» **EXERCISE DETAILS**: Using the data below, set down every line from the one containing "Uma bonito caneca" through the one containing "Dana Buchman floral", inclusive and unchanged. Pictures are to be skipped.

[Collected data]
Segment Open

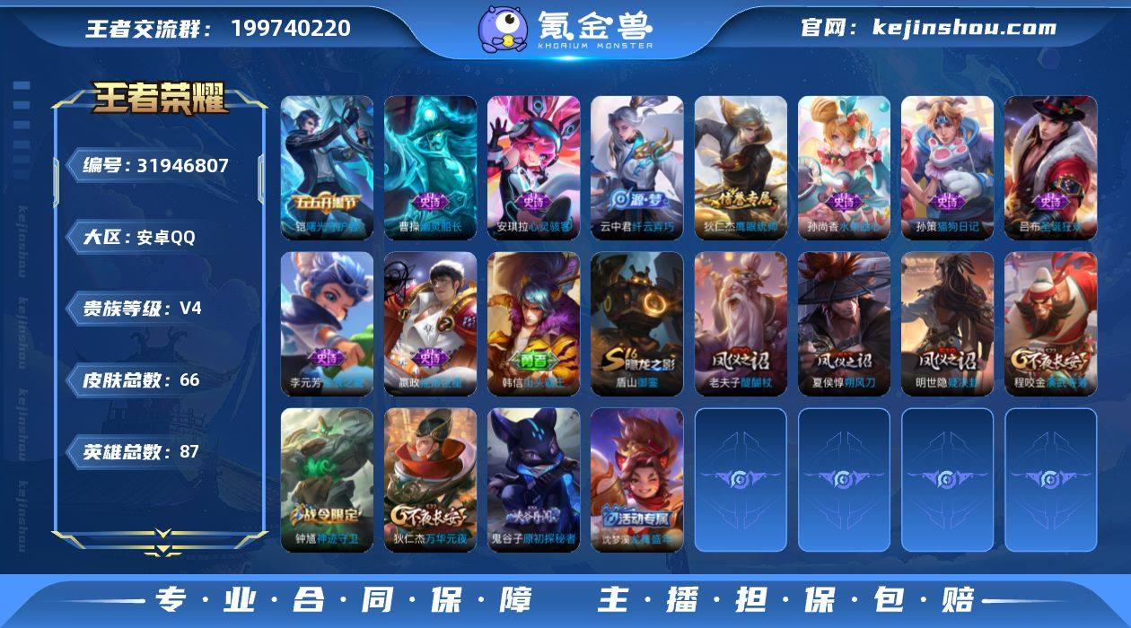 JJ3886:安卓Q-V4-最强王者-87英雄-66皮肤-1典藏-1传说【九霄神辉 神树通天 2太阳】-12史诗 【稀有英雄】 不知火舞 橘右京 娜可露露 韩信 艾琳 赵云 【典藏皮肤】 九霄神辉 【传说皮肤】 神树通天 【限定皮肤】 九霄神辉 【史诗皮肤】 狮舞东方 摇滚巨星 鹰眼统帅 纤云弄巧 猫狗日记 逐浪之夏 梁祝 圣诞狂欢 曙光守护者 心灵骇客 水果甜心 幽灵船长 【勇者皮肤】 圆桌骑士 拳王 龙舞盛年 丁香结 朔风刀 醍醐杖 归虚梦演 黄金武士 阴阳师 海滩派对 万华元夜 演武夺筹 红桃皇后 原初探秘者 疑决卦 化身博士 幻乐之宴 兔女郎 未来纪元 花好人间 御銮 教廷特使 街头霸王 少女阿狸 神迹守卫 【其他皮肤】 花见巫女 熊喵少女 海之征途 木偶奇遇记 福禄兄弟 帝国元帅 绯红之刃 星航指挥官 启蛰 隐刃 异域舞娘 占星师 激情绿茵 归虚梦演 西部大镖客 荷鲁斯之眼 特种部队 美梦成真
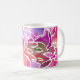 Uma bonito caneca branca com um design de cor-de-água de uma pintura original de flores de parede rosa púrpura.
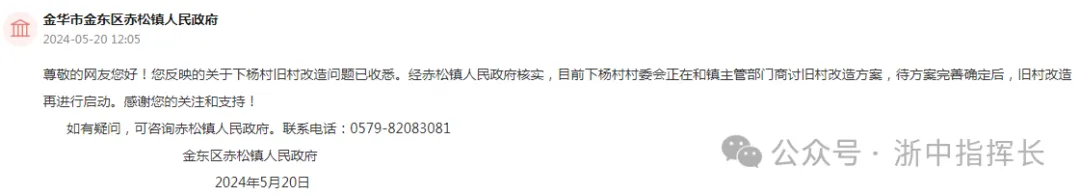 5月20日,赤松镇人民政府回复:经赤松镇人民政府核实,目前下杨村村委会正在和镇主管部门商讨旧村改造方案,待方案完善确定后,旧村改造再进行启动。感谢您的关注和支持!
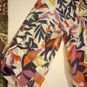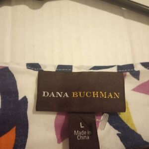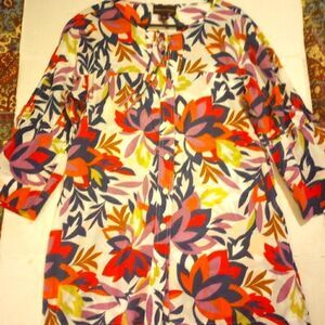 Dana Buchman floral button down with roll tab half sleeve
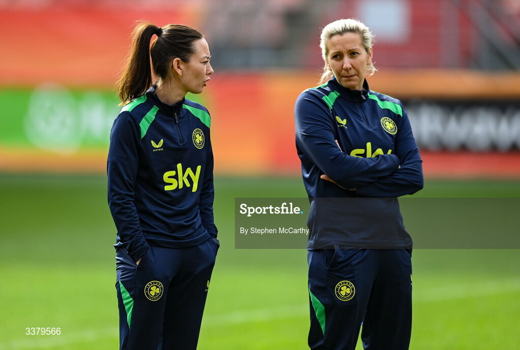 6 March 2026; Head coach Carla Ward, right, and assistant coach Amber Whiteley during a Republic of Ireland women's training session at Stadion Galgenwaard in Utrecht, Netherlands. Photo by Stephen McCarthy/Sportsfile
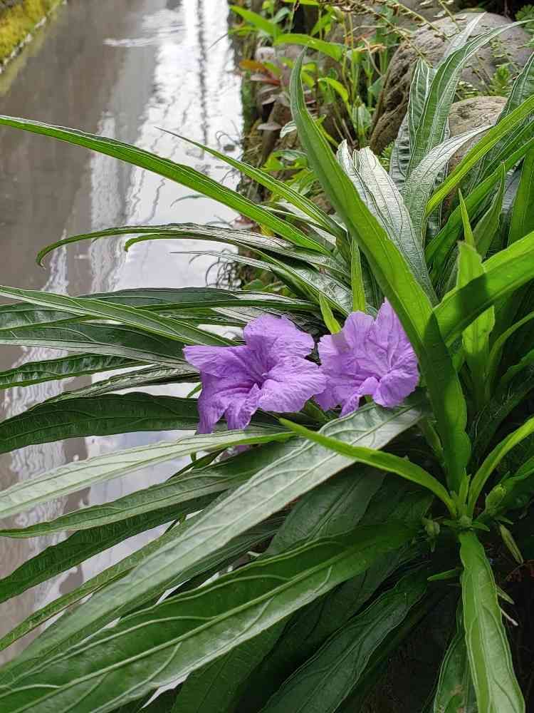 スイスイと長い茎のはその辺に雑草のごとく生えまくってますが、こんなところに茎もなく知らぬまに育ってました。家の真裏のちっさな用水路の石垣です!この花は一日花。明日にはもういません…。
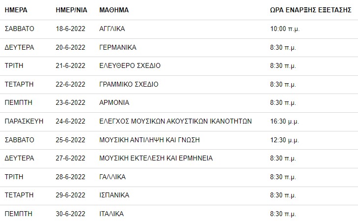 για το μουσικό μάθημα «Μουσική Αντίληψη και Γνώση», η εξέταση στο αντικείμενο της Μουσικής Αντίληψης έχει διάρκεια 30’ λεπτών, ενώ η εξέταση στο αντικείμενο της Μουσικής Γνώσης έχει διάρκεια 2 ωρών.
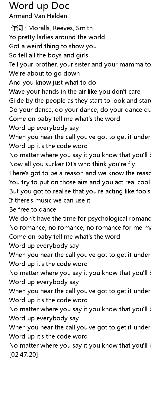 | [00:41.30] | Do your dance, do your dance, do your dance quick mamma |

Segment Closed

» **ANSWER SPACE**:
 Uma bonito caneca branca com um design de cor-de-água de uma pintura original de flores de parede rosa púrpura.
 5月20日,赤松镇人民政府回复:经赤松镇人民政府核实,目前下杨村村委会正在和镇主管部门商讨旧村改造方案,待方案完善确定后,旧村改造再进行启动。感谢您的关注和支持!
 Dana Buchman floral button down with roll tab half sleeve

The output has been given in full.